Take nothing but the lines from the one with "今天大盘给力啊,大金融板块终于发力了,尤其是券商,出现了涨停潮。" through the one with "ニューボーンフォトのコスチュ" in the entries below, both ends kept, and return them exactly with pictures left out.

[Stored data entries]
= = = = =

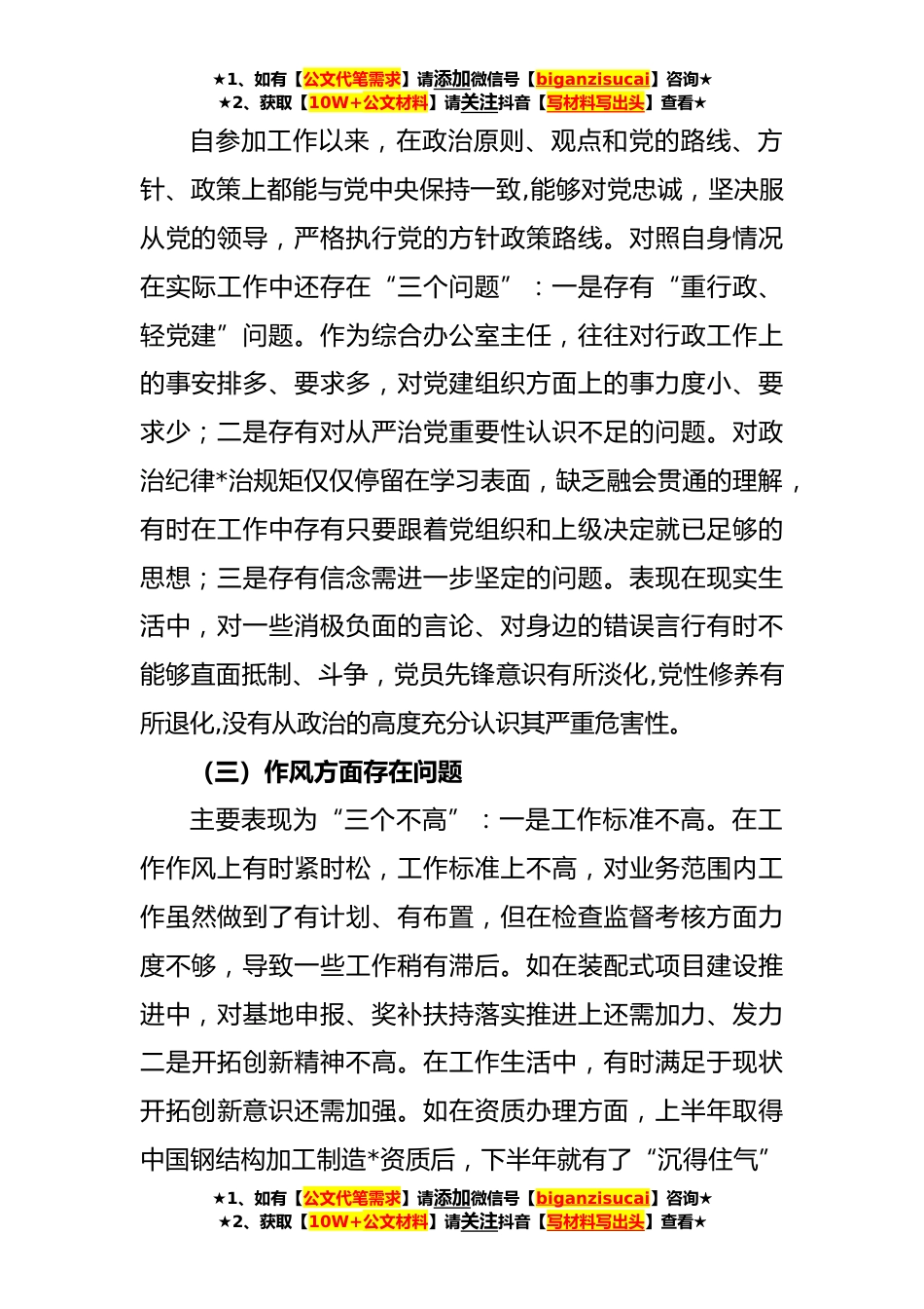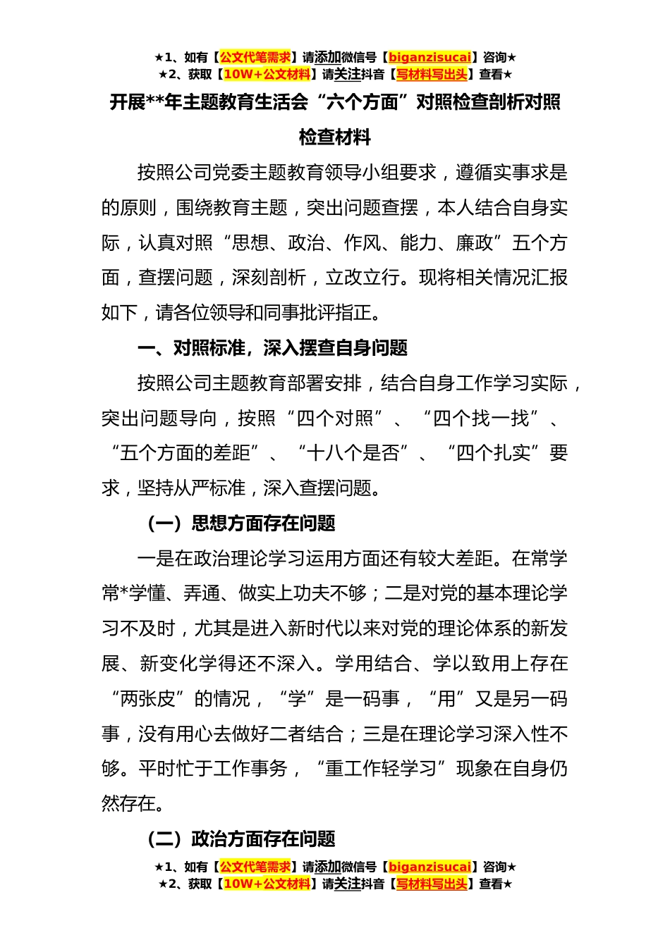 ★1、如有【公文代笔需求】请添加微信号【biganzisucai】咨询★★2、获取【10W+公文材料】请关注抖音【写材料写出头】查看★开展**年主题教育生活会“六个方面”对照检查剖析对照检查材料按照公司党委主题教育领导小组要求,遵循实事求是的原则,围绕教育主题,突出问题查摆,本人结合自身实际,认真对照“思想、政治、作风、能力、廉政”五个方面,查摆问题,深刻剖析,立改立行。现将相关情况汇报如下,请各位领导和同事批评指正。一、对照标准,深入摆查自身问题按照公司主题教育部署安排,结合自身工作学习实际,突出问题导向,按照“四个对照”、“四个找一找”、“五个方面的差距”、“十八个是否”、“四个扎实”要求,坚持从严标准,深入查摆问题。(一)思想方面存在问题一是在政治理论学习运用方面还有...
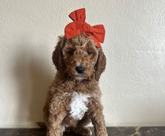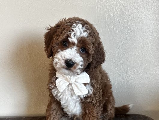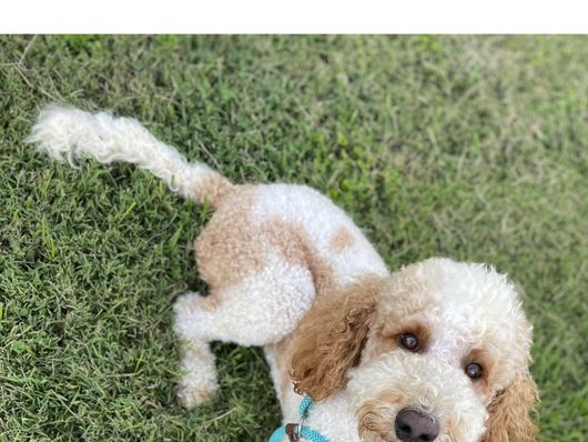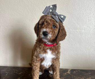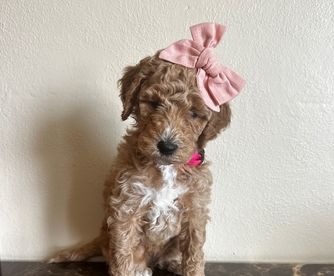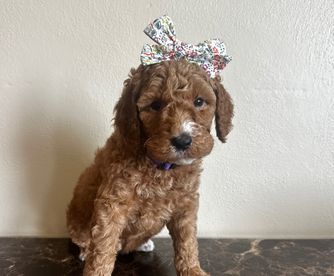 Lulu is gentle-natured & adores her humans. She is one of the smartest dogs that I have ever owned. Lulu enjoys walks, going on hikes, playing fetch, & showing off her tricks. She knows how to sit, roll over, shake, & speak. Lulu is a one-of-a-kind dog & has stolen everyone’s heart at Wischmeier’s Poodles & Doodles.
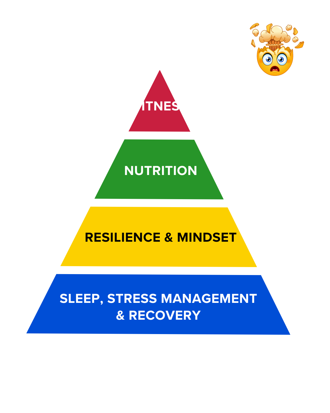 A holistic model that underscores the importance of a balanced foundation—sleep, stress management, recovery, mindset and resilience—as essential components for achieving peak performance and maximising success in- and outside the gym.
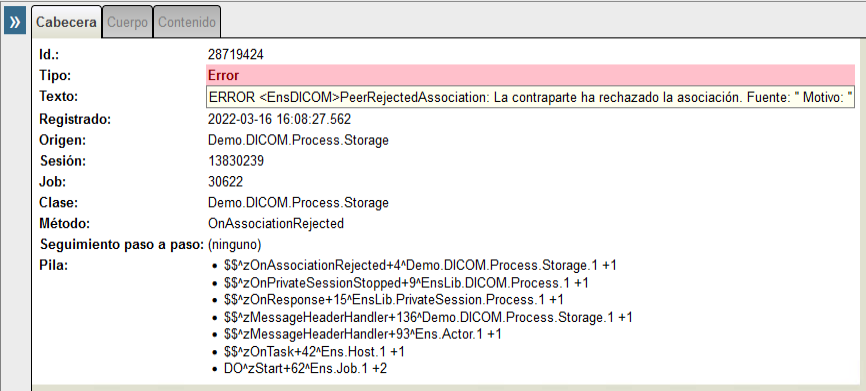 > ERROR <EnsDICOM>PeerRejectedAssociation: La contraparte ha rechazado la asociación. Fuente: '%1' Motivo: '%2'
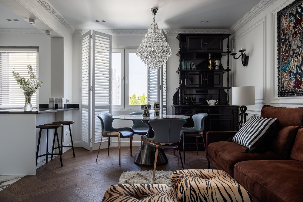• интерьеры с молдингами, высокими плинтусами, декоративными элементами.
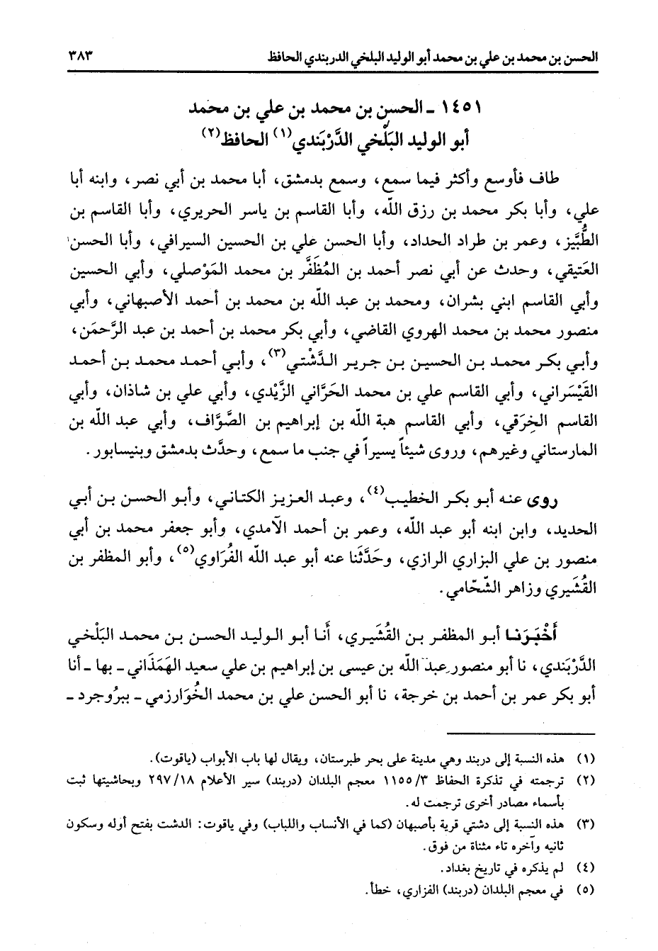 1451 - الحسن بن محمد بن علي بن محمد أبو الوليد البلخي الدربندي (1) الحافظ (2) طاف فأوسع واكثر فيما سمع وسمع بدمشق أبا محمد بن أبي نصر وابنه أبا علي وأبا بكر محمد بن رزق الله وأبا القاسم بن ياسر الحريري وأبا القاسم بن ياسر الحريري وأبا القاسم بن الطبيز وعمر بن طراد الحداد وأبا الحسن علي بن الحسين السيرافي وأبا الحسن العتيقي وحدث عن أبي نصر احمد بن المظفر بن محمد الموصلي وأبي الحسين وأبي القاسم ابني بشران ومحمد بن عبد الله بن محمد بن احمد الاصبهاني وأبي منصور محمد بن محمد الهروي القاضي وأبي بكر محمد بن احمد بن عبد الرحمن وأبي بكر محمد بن الحسين بن جرير الدشتي (3) وأبي احمد محمد بن احمد القيسراني وأبي القاسم علي بن محمد الحراني الزيدي وأبي علي بن شاذان وأبي القاسم الخرقي وأبي القاسم هبة الله بن إبراهيم بن الصواف وأبي عبد الله بن المارستاني وغيرهم وروى شيئا يسيرا في جنب ما سمع وحدث بدمشق وبنيسابور روى عنه أبو بكر الخطيب (4) وعبد العزيز الكتاني وأبو الحسن بن أبي الحديد وابن ابنه أبو عبد الله وعمر بن احمد الامدي وأبو جعفر محمد بن أبي منصور بن علي البزاري الرازي وحدثنا عنه أبو عبد الله الفراوي (5) وأبو المظفر بن القشيري وزاهر الشحامي خبرنا أبو المظفر بن القشيري أنا أبو الوليد الحسن بن محمد البلخي الدربندي نا أبو منصور عبد الله بن عيسى بن إبراهيم بن علي سعيد الهمذاني بها أنا أبو بكر عمر بن احمد بن خرجة نا أبو الحسن علي بن محمد الخوارزمي ببروجرد
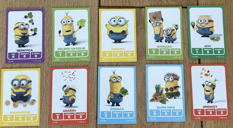 Prodamo minion kartice katere so namenjene zbiranju v albumu ali pa igranju družabne igre, kjer s karticami tekmuješ po moči, energiji in sladkosti.
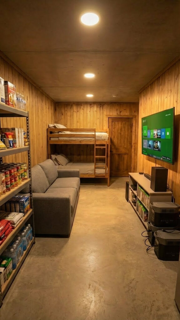 The layout is optimized for survival and comfort. Built-in shelving holds long-term food supplies, water, and essentials, all organized for quick access. A bunk bed provides sleeping space for two adults, while a compact sofa adds a daytime living area. The entertainment and communication zone includes a TV, media storage, and equipment that can be connected to satellite or local communication systems, helping maintain contact with the outside world if needed.
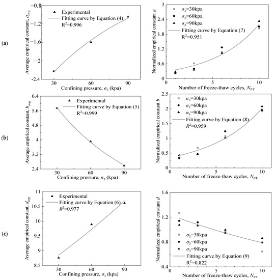 - The best fit a and c values increase in the form of an exponential function with increasing σ3, while b values exhibit the opposite trend. On the other hand, the changing law of the a and b values increase with increasing FTCs following a form of an exponential function. Meanwhile, c values exhibit the opposite trend. It is interesting to note that the a, b, and c values vary between −0.37 and −4.53, 1.82 and 11.03, −4.32 and 1.41, respectively.
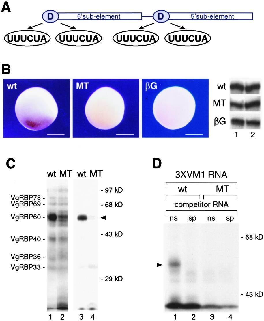 (D) Direct binding to the VM1 motif was tested by UV cross-linking analysis performed with oocyteS100 extracts and 32P-labeled 3ÃVM1 RNA transcripts containing either wild-type (wt, lanes 1 and 2) or mutated (MT, lanes 3 and 4) VM1 sequences, and either nonspecific (ns, lanes 1 and 3) or sequence-specific (sp, lanes 2 and 4) competitor RNA. Cross-linked proteins were detected by autoradiography after SDS-PAGE. The positions of VgRBP60 (arrowhead) and molecular weight markers are indicated at the right.
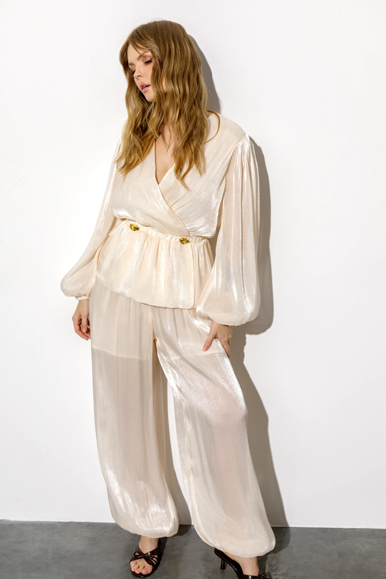 Широкие свободные брюки-алладины из фактурного шифона. Де...
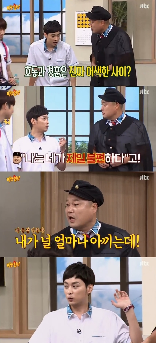 이날 강호동은 타 방송 프로그램에서 민경훈이 자신이 어색하다고 발언한 것에 대해 사실을 추궁했다.
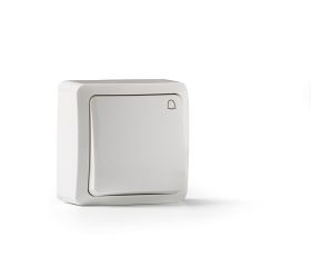 Pulsador timbre de superficie 10A 250V Serie Living 8000. Producto confiable y de alto rendimiento.
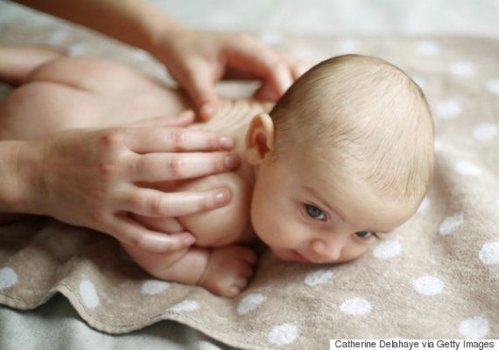 El Sistema de Salud Británico recomienda desnudar al bebé y darle un masaje con delicadeza. Masajea la espalda "con firmeza y a buen ritmo". ¿Cuál es la mejor posición para colocar al bebé? De pie frente a ti o boca abajo en tu regazo.
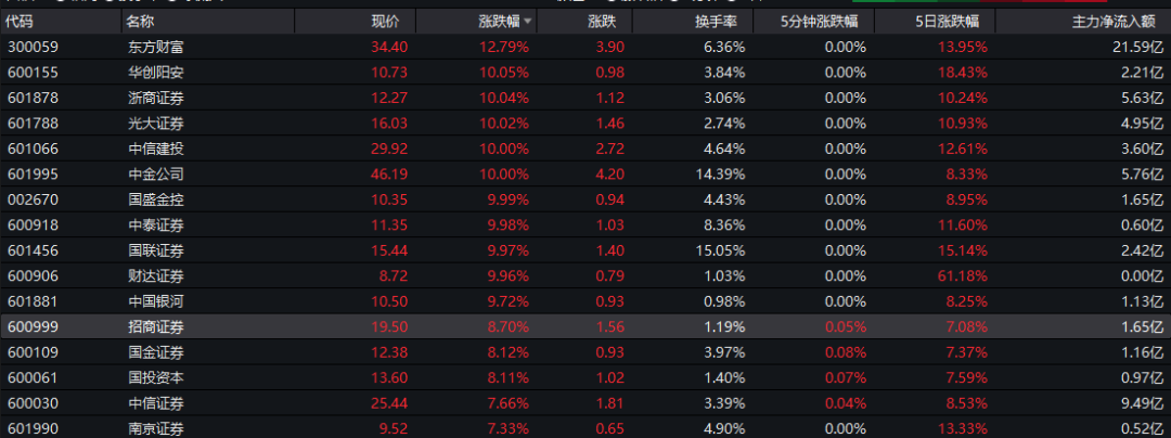今天大盘给力啊,大金融板块终于发力了,尤其是券商,出现了涨停潮。
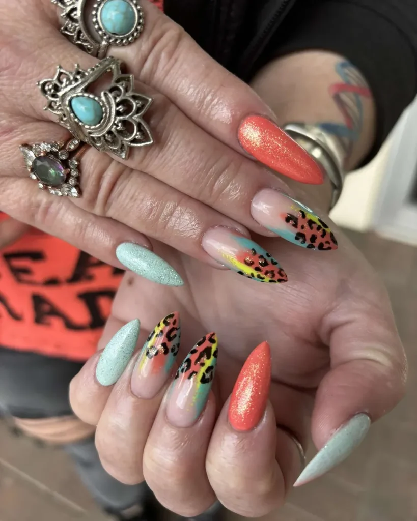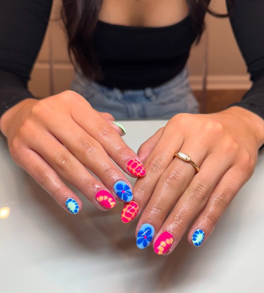 7. Artistic Spring Break Nails with Bold Color Mix
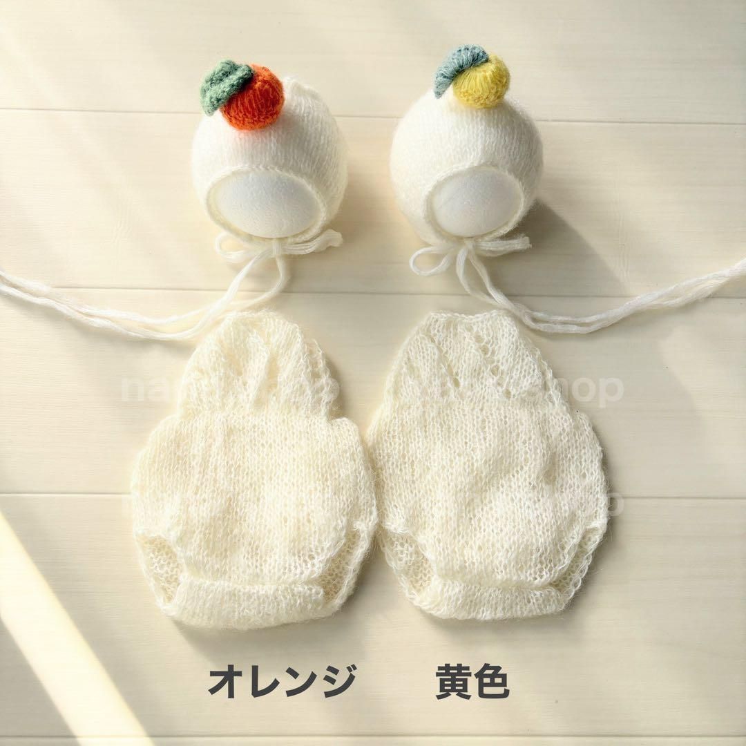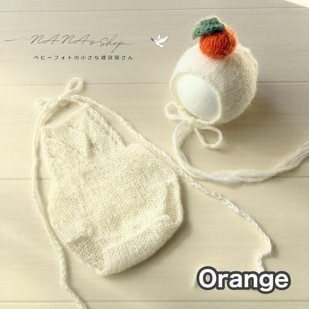 ニューボーンフォトのコスチューム、みかんの乗った、鏡餅ボンネットと編み込みロンパースのセットになります。
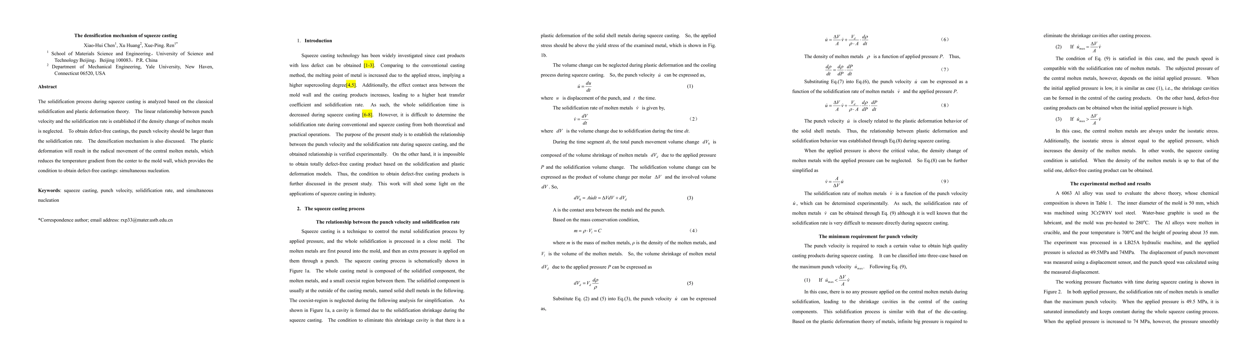 The solidification process during squeeze casting is analyzed based on the classical solidification and plastic deformation theory. The linear relationship between punch velocity and the solidification rate is established if the density change of molten meals is neglected. To obtain defect-free castings, the punch velocity should be larger than the solidification rate. The densification mechanism is also discussed. The plastic deformation will result in the radical movement of the central molten metals, which reduces the temperature gradient from the center to the mold wall, which provides the condition to obtain defect-free castings: simultaneous nucleation.
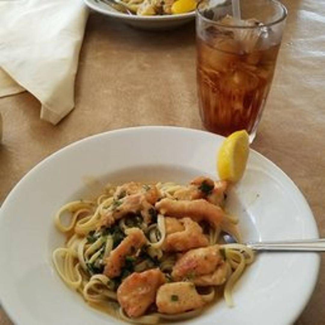 Tender chicken breast sautéed in a lemon-butter sauce with capers, served with a side of pasta.

= = = = =

Task answer.
今天大盘给力啊,大金融板块终于发力了,尤其是券商,出现了涨停潮。
 7. Artistic Spring Break Nails with Bold Color Mix
 ニューボーンフォトのコスチューム、みかんの乗った、鏡餅ボンネットと編み込みロンパースのセットになります。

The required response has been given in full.